__Materials provided__
§
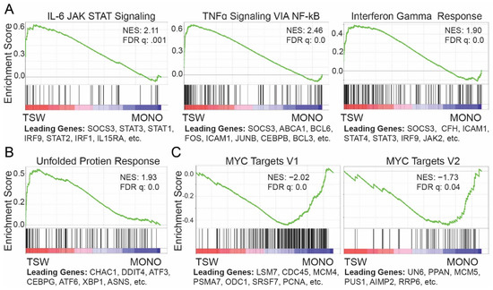 BMSCs affected the expression of several MSigDB hallmark gene sets in MM cells. (A–C) GSEA of expressed genes sorted by fold change of expression (TSW/MONO) from high (red) to low (blue) against MSigDB hallmark gene set (vertical bars): IL6/JAK/STAT signaling (A, left), TNFα signaling via NFκB (A, middle), INFγ response (A, right), unfolded protein response (B), MYC targets V1 (C, left), and MYC targets V2 (C, right).
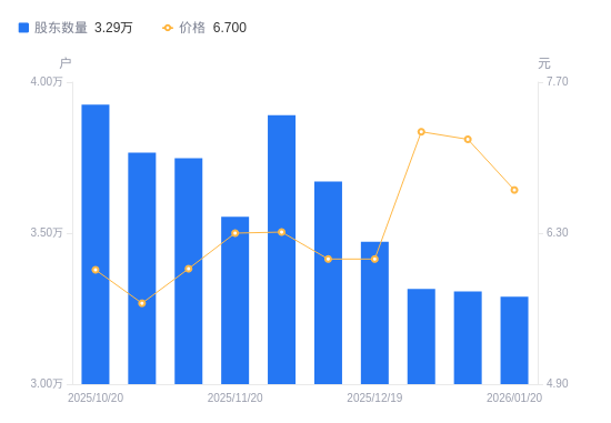 日期A股户数(户)流通A股户均持股数(股)户均持股市值(万元)2026-01-203289518602.4412.462026-01-093306818505.1213.272025-12-313315718455.4513.362025-12-193471917625.1410.682025-12-103671216668.3210.102025-11-283890315729.579.932025-11-203554117217.5010.852025-11-103748516324.599.752025-10-313766116248.309.182025-10-203925115590.119.29
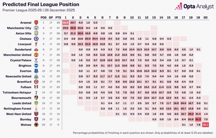 在12月27日,Opta超算发布了最新的英超夺冠预测,让我们来看一下目前的形势。阿森纳在这一轮的预测中,继续以68.5%的概率稳居第一,展现出了强劲的夺冠希望。曼城以24.6%的概率紧随其后,毫不示弱,他们依然是夺冠路上的重要竞争者。
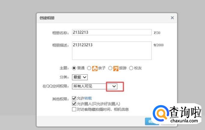 之后我们点击在QQ空间权限后面的下拉箭头;
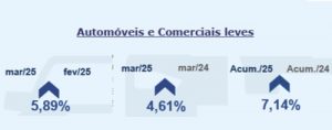 Já quanto às motos, o segmento tem crescido de forma sustentável, apresentando números positivos na comparação entre março e fevereiro de 2025, março deste ano e do ano passado, assim como nos acumulados dos primeiros trimestres de 2024 e 2025.
§
Reproduce the material above in full, images excluded.

 BMSCs affected the expression of several MSigDB hallmark gene sets in MM cells. (A–C) GSEA of expressed genes sorted by fold change of expression (TSW/MONO) from high (red) to low (blue) against MSigDB hallmark gene set (vertical bars): IL6/JAK/STAT signaling (A, left), TNFα signaling via NFκB (A, middle), INFγ response (A, right), unfolded protein response (B), MYC targets V1 (C, left), and MYC targets V2 (C, right).
 日期A股户数(户)流通A股户均持股数(股)户均持股市值(万元)2026-01-203289518602.4412.462026-01-093306818505.1213.272025-12-313315718455.4513.362025-12-193471917625.1410.682025-12-103671216668.3210.102025-11-283890315729.579.932025-11-203554117217.5010.852025-11-103748516324.599.752025-10-313766116248.309.182025-10-203925115590.119.29
 在12月27日,Opta超算发布了最新的英超夺冠预测,让我们来看一下目前的形势。阿森纳在这一轮的预测中,继续以68.5%的概率稳居第一,展现出了强劲的夺冠希望。曼城以24.6%的概率紧随其后,毫不示弱,他们依然是夺冠路上的重要竞争者。
 之后我们点击在QQ空间权限后面的下拉箭头;
 Já quanto às motos, o segmento tem crescido de forma sustentável, apresentando números positivos na comparação entre março e fevereiro de 2025, março deste ano e do ano passado, assim como nos acumulados dos primeiros trimestres de 2024 e 2025.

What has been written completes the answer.